Patients and methods
Patient population and data sources
We performed a retrospective, multi-center, explorative analysis. Patients with metastatic UM receiving any treatment regime were eligible. Inclusion criteria were histologically confirmed stage IV UM and a follow-up time of at least three months. As we were interested in determinants of long-term survival, the following exclusion criteria applied: (1) unknown survival status within two years after diagnosis of stage IV disease, (2) unknown date of entry into stage IV, and (3) ongoing treatment and a survival time of fewer than two years at the data cut-off. These criteria were set as it was unclear at the time of the data cut-off if patients under these conditions would, later on, turn out as long-term survivors. Clinical data and the treatment outcomes of interest were extracted from the original patient records from three German skin cancer centers (Universitätsklinikum Erlangen n = 43, University Hospital Munich n = 3, and Klinikum Ludwigshafen n = 2), as well as from the ADOREG registry of the German Dermatologic Cooperative Oncology Group (DeCOG, n = 46). Data were collected and merged into a central database before analysis. The ADOReg registry is a large prospective clinical database in the field of dermatologic oncology collecting data to generate high-quality real-world evidence. This study was approved by the scientific board of the registry and by the institutional review board of the medical faculty of the Munich University Hospital (approval number 413–16 UE). Furthermore, it was conducted following the principles of the Helsinki Declaration in its current version.
Data collection and treatment outcomes
The clinical data recorded at the diagnosis of stage IV UM (“baseline”) comprised demographics such as sex, age, number, and sites of metastases, the Eastern Cooperative Oncology Group (ECOG) performance status, and serum lactate dehydrogenase (LDH) as a dichotomous variable (elevated vs. not elevated; cut-off 250 U/l). The most common metastatic sites such as liver, bone, lung, and central nervous system (CNS) were specified, while all other localizations were summarized within the category “other metastases.” No further information was available on the extent of hepatic metastasis.
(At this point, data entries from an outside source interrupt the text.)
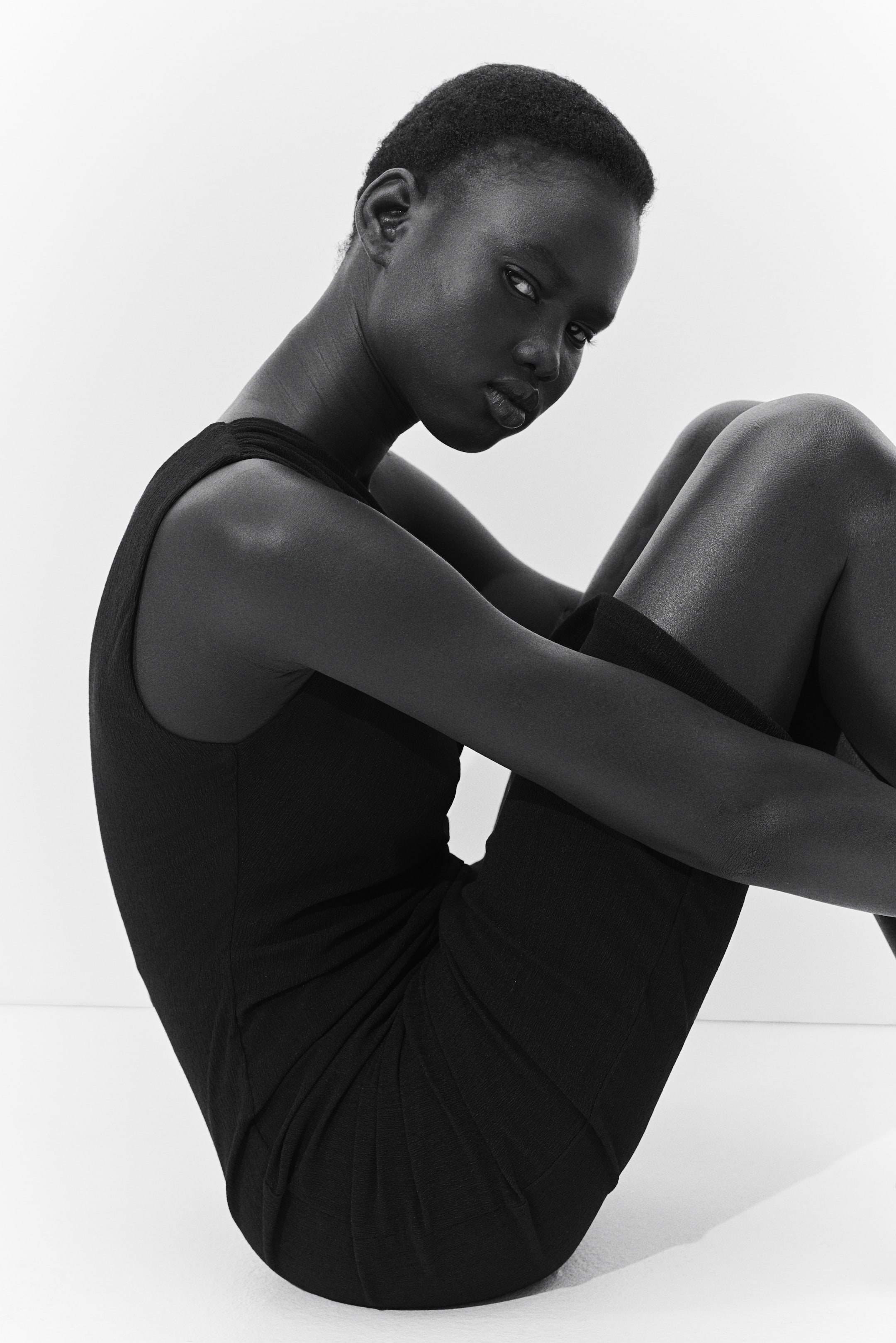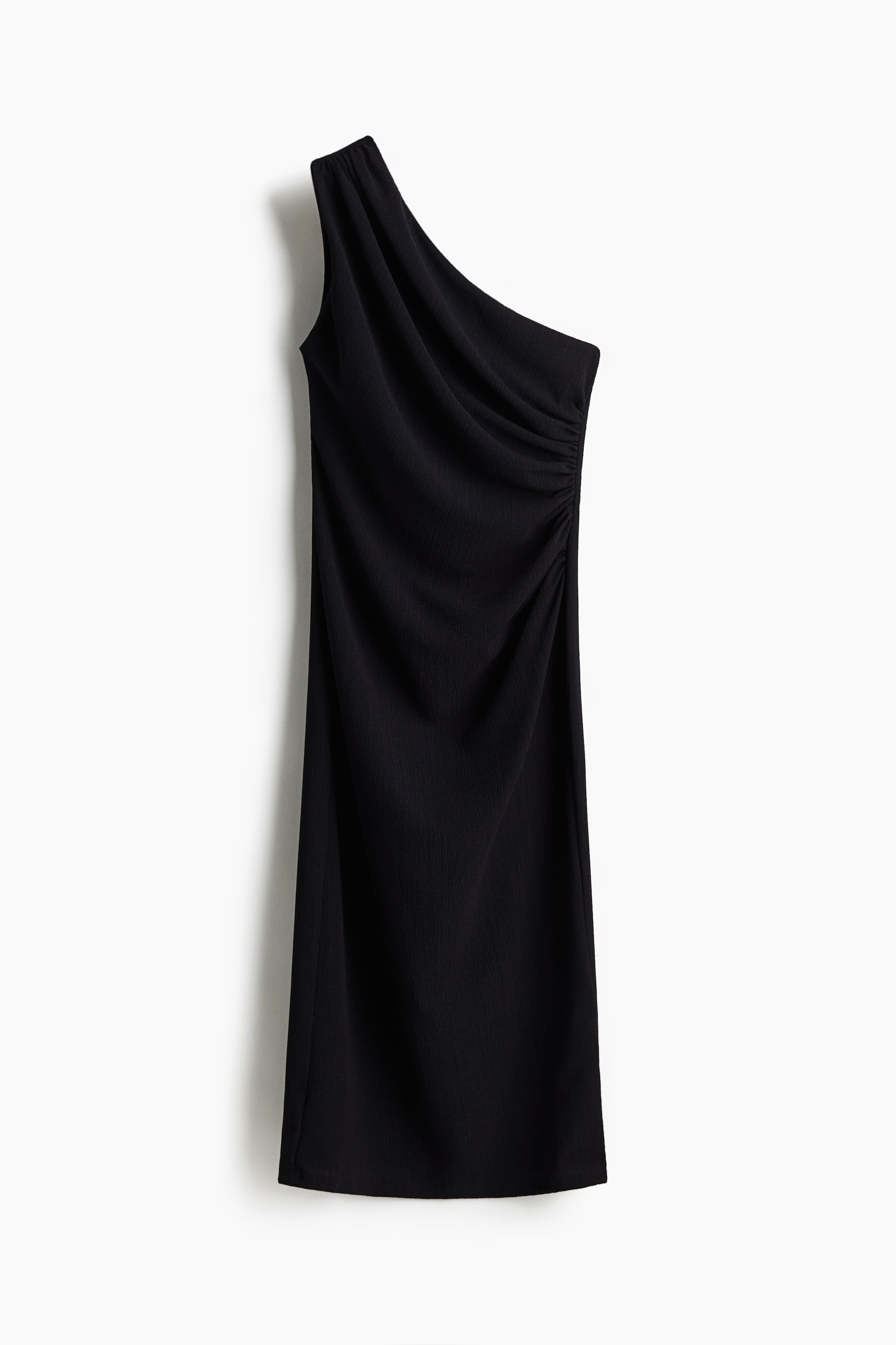 Calf-length one-shoulder dress in textured jersey with gathers on the shoulder and at the opposite side seam for a draped effect.
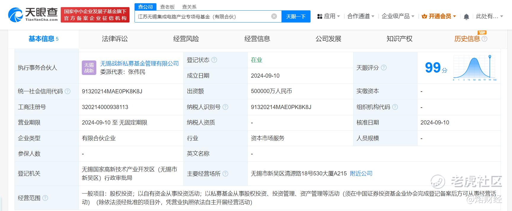 天眼查App显示,近日,江苏无锡集成电路产业专项母基金(有限合伙)成立,执行事务合伙人为无锡战新私募基金管理有限公司,出资额50亿人民币,经营范围含股权投资,以自有资金从事投资活动,以私募基金从事股权投资、投资管理、资产管理等活动。合伙人信息显示,该基金由无锡锡创聚力股权投资合伙企业(有限合伙)、江苏省战略性新兴产业母基金有限公司、无锡产业发展集团有限公司、无锡市创新投资集团有限公司、无锡战新私募基金管理有限公司共同出资。
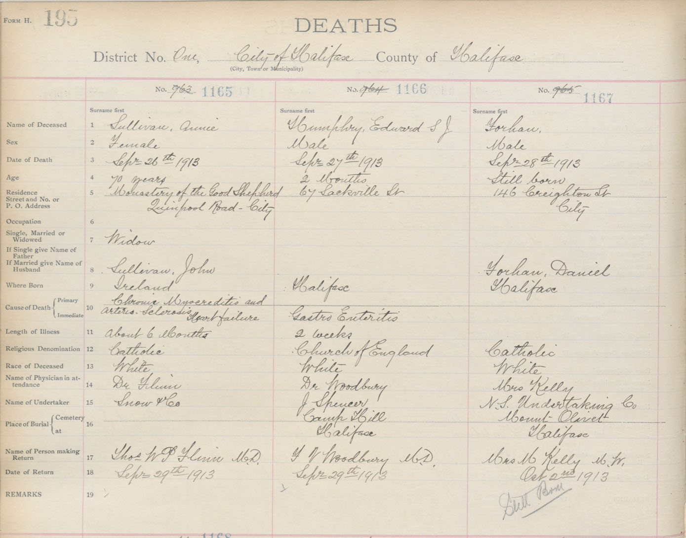 Death Registration: Year: 1913 book: 20 page: 195 number: 1167
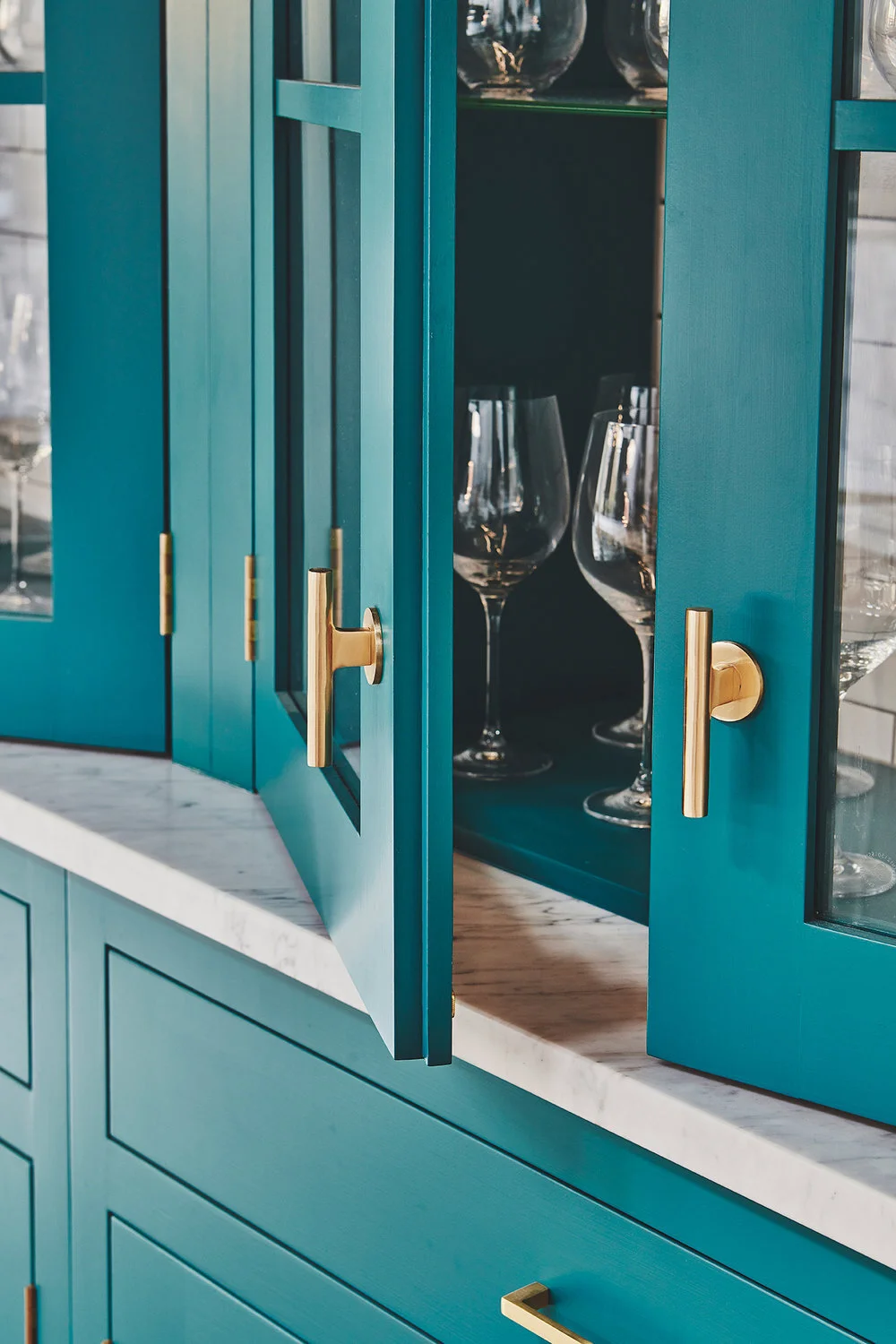 Increasingly when working closely with interior designers, we are manufacturing kitchens & joinery using a greener palette, and therefore interior design publications are increasingly drawing our clients attention to dark earthy green colours as an alternative to the deep blues. For the foreseeable future we will see clients embrace and start to request greens with increasing confidence; however, dismiss blue at your peril! Darker shades of blue will remain elegant and timeless. The renaissance of blue will be in its use as an accent colour, in more unusual tones and textures. Below I have outlined some examples of the evolution of blue.

We recorded the number and types of treatments and further dissected ICB regarding start and end date, time to progression, and best radiologic response evaluation based on the RECIST criteria version 1.1. The best radiologic response to ICB treatment which was achieved during the disease course was assessed by the site investigators and indicated as complete response (CR), partial response (PR), stable disease (SD), or progressive disease (PD). In all cases, patients were treated until disease progression or development of unacceptable toxicity. As the treatments were highly heterogeneous, we subsumed interventions other than ICB, cytotoxic chemotherapy, and vaccination with dendritic cells loaded with tumor-intrinsic RNA (DC) as a category “other treatments.” Besides, we extracted data on the performance of liver-directed treatments and radiation therapy.
Statistical analysis
OS was calculated as the time from the diagnosis of stage IV UM until melanoma-specific or treatment-related death. The progression-free survival (PFS) was determined as the time from treatment start until disease progression. Time-to-event analyses were calculated where death or progression was considered as an event. If neither occurred or if patients were lost to follow-up, the date of the last documented presentation was used as a censored observation.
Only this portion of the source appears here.